But, I must & will remain industrious – I can’t abide laziness, and I hope I will always remember Castaneda’s other teachings, about Impeccable Intent, etc – and that our constant fine intent in the world is our guiding arrowhead, on our flight into the unknown – so that we can perhaps have this image of ourselves as a projectile, travelling at warp speed through space, enclosed in a soft warm capsule, our capsule/aura of love/kindness/intent [colour it a translucent shade of candy-pink, or orange or yellow or green or blue – the soft pastels, or even a neon or primary colour if you feel braver] - and as we brush past others, in their own capsules, our auras touch & mingle, and dent and bulge, like soap bubbles, and sometimes become locked onto others, of the very significant people in our lives – and hope & pray that you are not bound to another person’s toxic bubble, because your very own bubble can be popped and damaged, and become very misshapen, and turn an ugly & probably dark colour, because of being poisoned by another’s energy – mostly inadvertently – and that’s when nervous breakdowns can & do happen, and depressions, anxieties, and I believe also diseases, like cancers etc

So I don’t know what society and us individuals are supposed to do with the energy thieves, and the Takers – they must just learn their own lessons of maturity, and love, somehow, and not end up in jail or the gutter – maybe it’s just the old Indian philosophy of Karma that holds in the end – that those people [all of us actually] are just at different development stages/levels, in the  process of repaying past karmic debts – and some of us will somehow make up some ground in this current lifetime – Jesus was one of our examples of karmic perfection – and in the end, as the Christian version goes, he ascended to Heaven, his Earthly mission complete – those much further down on the ladder of karma, must perhaps live their life on earth in a hell of anger and maybe even criminality, and abuse of others rights and lives and emotions, and when they die, perhaps return in their next life on Earth, as another lowly being, to learn those lessons that lead to Freedom & Joy, and some kind of maturity – and our job is to be vigilant, in a kind but also self-caring way, that we don’t get mangled or tangled with lesser beings, don’t get caught up in their telescopic rifle cross-hairs, or anywhere in the cross-fires...

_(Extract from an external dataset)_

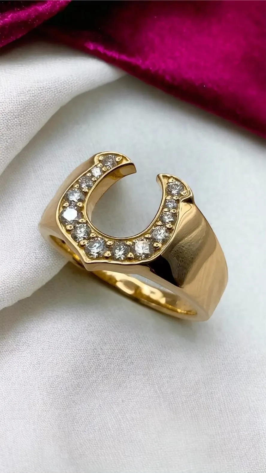 ホースシューリング⁎⁺˳✧ ホースシューリング⁎⁺˳✧ダイヤモンド入りの馬蹄を大胆に模ったデザイン。馬蹄はイカつめデザインが多いですが、こちらは輪部分がシンプルですので、程よく指周りを煌びやかに演出してくれます。品番krー98…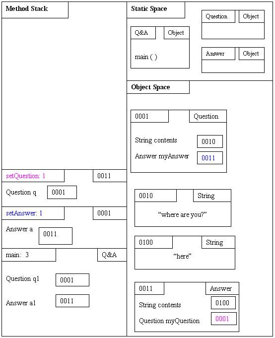 Some memory addresses and method names in this diagram are coloured. The rationale behind the colouring scheme is this: to make the diagram clearer, every variable whose value is directly updated by a method has the colour of that method. So, the method setAnswer() directly updates the value of myAnswer in the q1 object, while the method setQuestion() directly updates the value of myQuestion in the a1 object. (You do not have to use any colouring scheme in your quiz!)

Vigilance, try to keep it humble, gracious, humorous, kind, but also firm; clear & impeccable Intent; and good Energy, which should include a good amount of self-love and caring, and an awareness of your own luminous and soft capsule, your energy bubble that surrounds you, and protects you – maybe those are my current lessons that guide me on toward my next encounters, with whomever I am pre-destined to meet & mingle with


Namaste, and don’t forget the power and wonder of hugs J

Thursday 8 May 2014

Blog 7 May 2014-05-07

Up early on this voting day, 4.30am, with winter’s darkness already stealing back the early morning hours – now at 6am, still darkness, but soon the sky will turn blue

One more day off work in this autumn holiday period, with some friends planning their 2015 annual vacation for this season, with its multiple public holidays, very disruptive to a working week – I don’t think the civil servants mind – the way I remember it, the more time off work the better, and it was always the best time to take a vacation, because a few days vacation, sandwiched between many public holidays, always gave the longest continuous leave periods, without eating away too badly at your annual leave days allocation...

It’s been an interesting time for me, the past few weeks, since theft of my cellphone on 16th April, and then the car accident of 19th April, which left me without wheels – at the end of this week on 10th May, it will be a full 3 weeks that I will have been without my sturdy Isuzu bakkie, a car I have come to love – a 1995 doublecab 280LE , which should come out of this smash with a completely renewed front suspension, and should be an even more comfortable ride than before – The R18k that Santam pays oiut to me as ‘Third party’ insurance, should cover the damage, although it looks like it will not be by much – it seems that insurance companies are staffed by people who are very engagingly nice when they sell you insurance, but who appear to be a bit inhuman when it comes to helping the person who is an indirect beneficiary of an insurance policy – I will leave it to the short-term insurance ombudsman/woman to arbitrate..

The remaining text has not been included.